» **Data under study**:
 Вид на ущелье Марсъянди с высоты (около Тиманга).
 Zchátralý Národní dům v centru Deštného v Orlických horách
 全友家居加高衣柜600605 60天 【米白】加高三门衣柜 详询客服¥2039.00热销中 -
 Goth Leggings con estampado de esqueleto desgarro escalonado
* * *
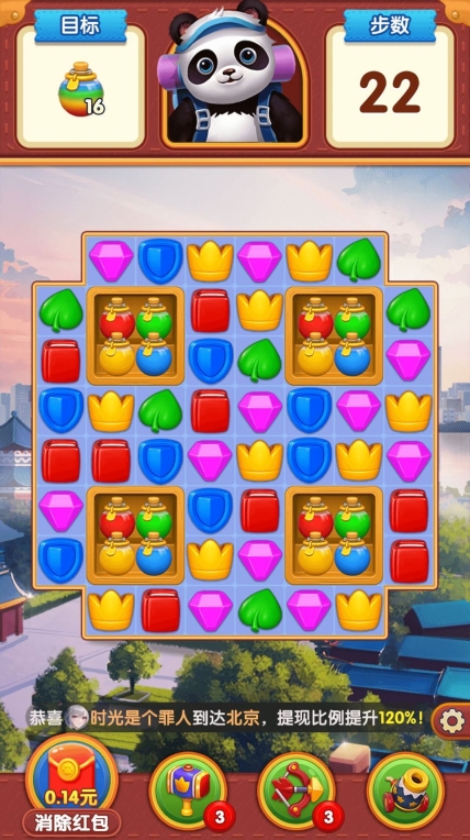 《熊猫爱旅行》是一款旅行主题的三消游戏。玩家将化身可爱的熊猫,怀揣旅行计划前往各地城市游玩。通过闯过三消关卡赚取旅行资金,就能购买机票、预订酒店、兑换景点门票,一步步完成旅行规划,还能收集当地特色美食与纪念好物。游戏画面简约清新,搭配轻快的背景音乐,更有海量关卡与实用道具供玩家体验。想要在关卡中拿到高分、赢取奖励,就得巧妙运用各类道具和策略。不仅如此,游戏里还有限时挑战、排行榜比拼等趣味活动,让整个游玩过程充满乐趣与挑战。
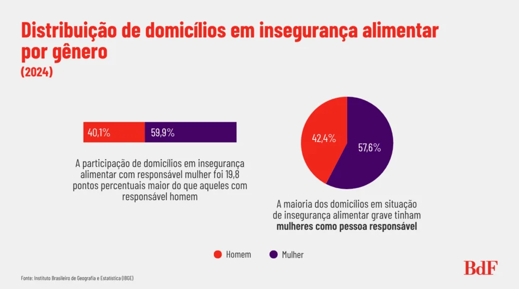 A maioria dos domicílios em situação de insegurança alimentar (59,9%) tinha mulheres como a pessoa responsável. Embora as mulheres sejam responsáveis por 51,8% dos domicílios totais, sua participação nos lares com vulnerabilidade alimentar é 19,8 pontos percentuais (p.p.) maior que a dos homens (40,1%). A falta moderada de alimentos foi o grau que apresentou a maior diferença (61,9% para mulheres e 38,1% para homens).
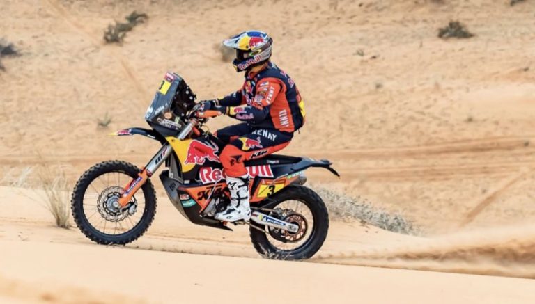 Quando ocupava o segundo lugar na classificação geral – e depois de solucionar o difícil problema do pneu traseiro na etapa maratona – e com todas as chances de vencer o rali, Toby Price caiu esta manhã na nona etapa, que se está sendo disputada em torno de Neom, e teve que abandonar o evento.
--
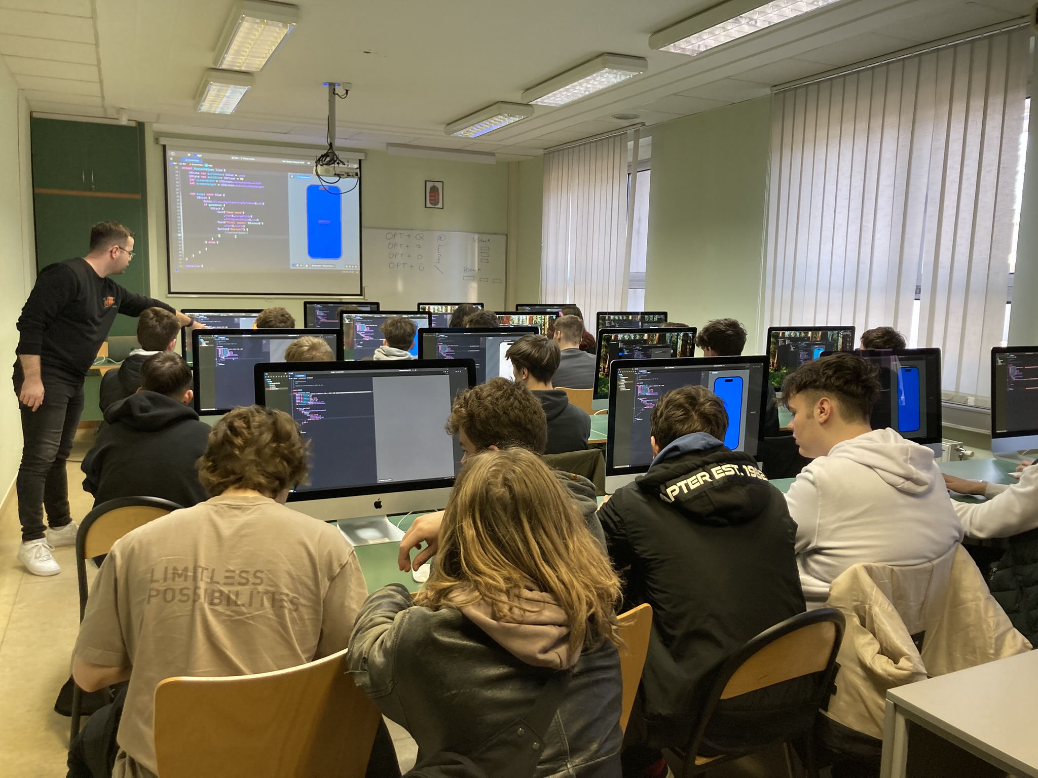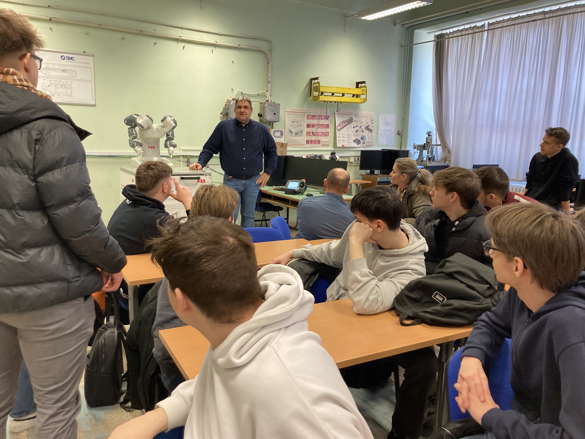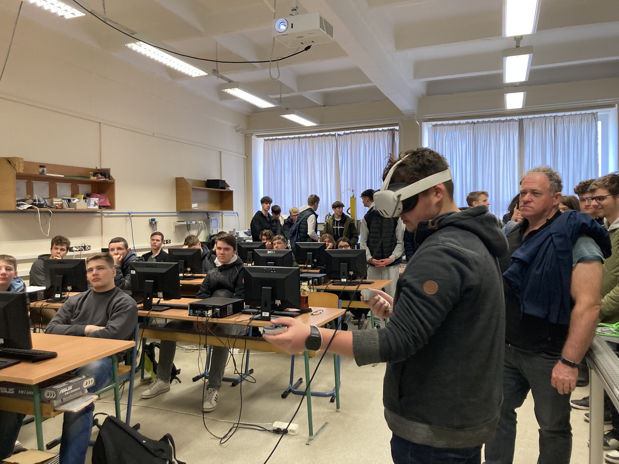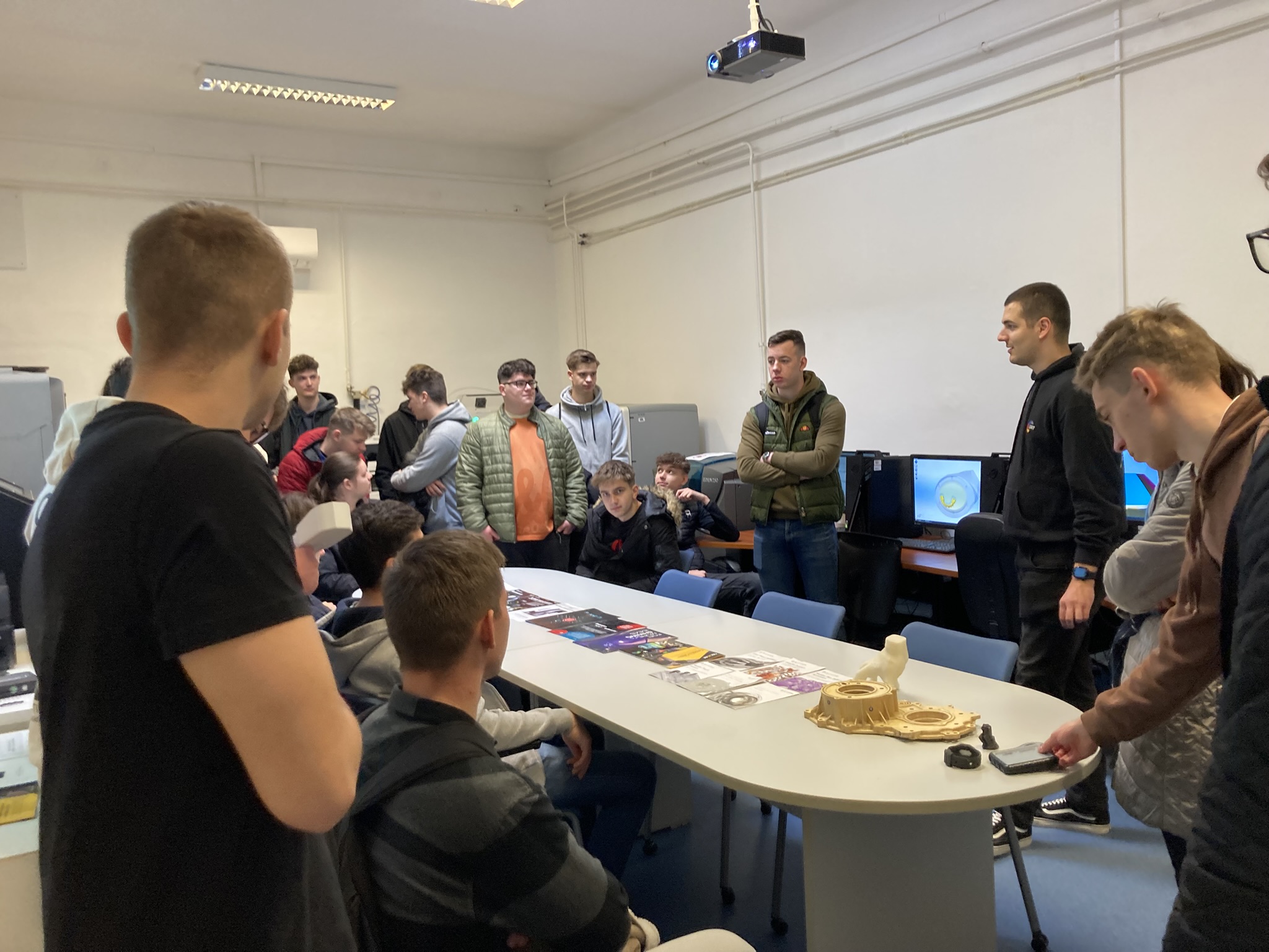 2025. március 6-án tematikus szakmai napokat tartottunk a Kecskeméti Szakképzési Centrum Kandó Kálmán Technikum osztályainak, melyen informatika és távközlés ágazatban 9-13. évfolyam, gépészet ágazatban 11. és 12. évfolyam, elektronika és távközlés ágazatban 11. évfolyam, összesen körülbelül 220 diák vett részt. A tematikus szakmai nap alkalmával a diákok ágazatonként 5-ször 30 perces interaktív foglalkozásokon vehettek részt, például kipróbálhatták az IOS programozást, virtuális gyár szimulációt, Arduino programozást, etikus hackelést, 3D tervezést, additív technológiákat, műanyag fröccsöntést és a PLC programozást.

» **What the exercise asks**:
Reproduce exactly the lines of the records above from the one with "Вид на ущелье" to the one with "Goth Leggings con", both included, and leave out everything else.

» **Exercise result**:
 Вид на ущелье Марсъянди с высоты (около Тиманга).
 Zchátralý Národní dům v centru Deštného v Orlických horách
 全友家居加高衣柜600605 60天 【米白】加高三门衣柜 详询客服¥2039.00热销中 -
 Goth Leggings con estampado de esqueleto desgarro escalonado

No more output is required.